Críticas:
"more than just one of the best debuts of the year; one of the best books of the year. It should do for Aberdeen what Trainspotting did for Edinburgh" (Louise Welsh Herald)
"'Trainspotting on a sugar rush' has been my pat description when recommending this spirited debut novel... a remarkable story of love and loyalty, of fierce passion and scabrous wit, full of characters whose broad vernacular is direct and expressive. This is about a culture with just as much right to be called British as that of middle-class suburbia" (Jonathan Ruppin Foyles Best Fiction of 2012)

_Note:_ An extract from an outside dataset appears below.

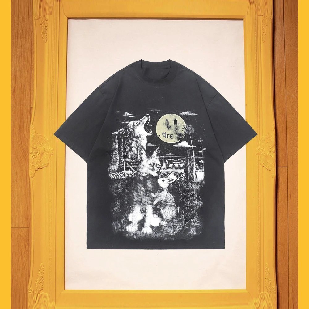 Internet-famous trendy brand DREW’s Animal Print Series black street-style short-sleeve T-shirt is crafted from selected heavyweight pure cotton, which is skin-friendly, breathable and holds its shape well. Adopting high-definition colorfast digital printing technology, it boasts vivid patterns that will not fade. Featuring a loose and versatile fit that suits all body types, this best-selling streetwear item is deeply popular among young trendsetters.

"Despite the grinding poverty, drug addiction, alcoholism and violence, this isn't a relentlessly dark book. It's an honest one: honest about the things that go wrong and about the lives that people who don't often get to be the stars in fiction really do lead... [Hudson] gives us, without a shred of hipster cynicism, the hope and tough warmth for which she has such a sharp eye" (Jenn Ashworth Guardian)
"This is the poverty trap writ large, the authentic working-class experience in all the mess and glory of the giro queue, drug and booze dependency, and gallows humour... Kerry Hudson's early life was like this. What a brilliant thing to turn the chaos and trauma of a hectic childhood into a debut novel as colourful, funny, joyful and compelling as this" (Nicola Barr Observer)

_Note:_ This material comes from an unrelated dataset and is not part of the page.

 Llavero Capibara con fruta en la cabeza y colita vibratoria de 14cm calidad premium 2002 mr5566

"Kerry Hudson’s fine, eloquent debut novel traces the peripatetic childhood of Janie Ryan...her tale is full of warmth and bittersweet humour" (David Evans Financial Times)
Reseña del editor:
Winner of the Scottish Mortgage Investment Trust First Book Award; shortlisted for the Guardian First Book Award, the South Bank Sky Arts Awards and the Green Carnation Prize
When Janie Ryan is born, she's just the latest in a long line of Ryan women, Aberdeen fishwives to the marrow, always ready to fight. Her violet-eyed Grandma had predicted she'd be sly, while blowing Benson and Hedges smoke rings over her Ma's swollen belly. In the hospital, her family approached her suspiciously, so close she could smell whether they'd had booze or food for breakfast. It was mostly booze.
Tony Hogan tells the story of a Scottish childhood of filthy council flats and B&Bs, screeching women, feckless men, fags and booze and drugs, the dole queue and bread and marge sandwiches. It is also the story of an irresistible, irrepressible heroine, a dysfunctional family you can't help but adore, the absurdities of the eighties and the fierce bonds that tie people together no matter what. Told in an arrestingly original -- and cry-out-loud funny -- voice, it launches itself headlong into the middle of one of life's great fights, between the pull of the past and the freedom of the future. And Janie Ryan, born and bred for combat, is ready to win.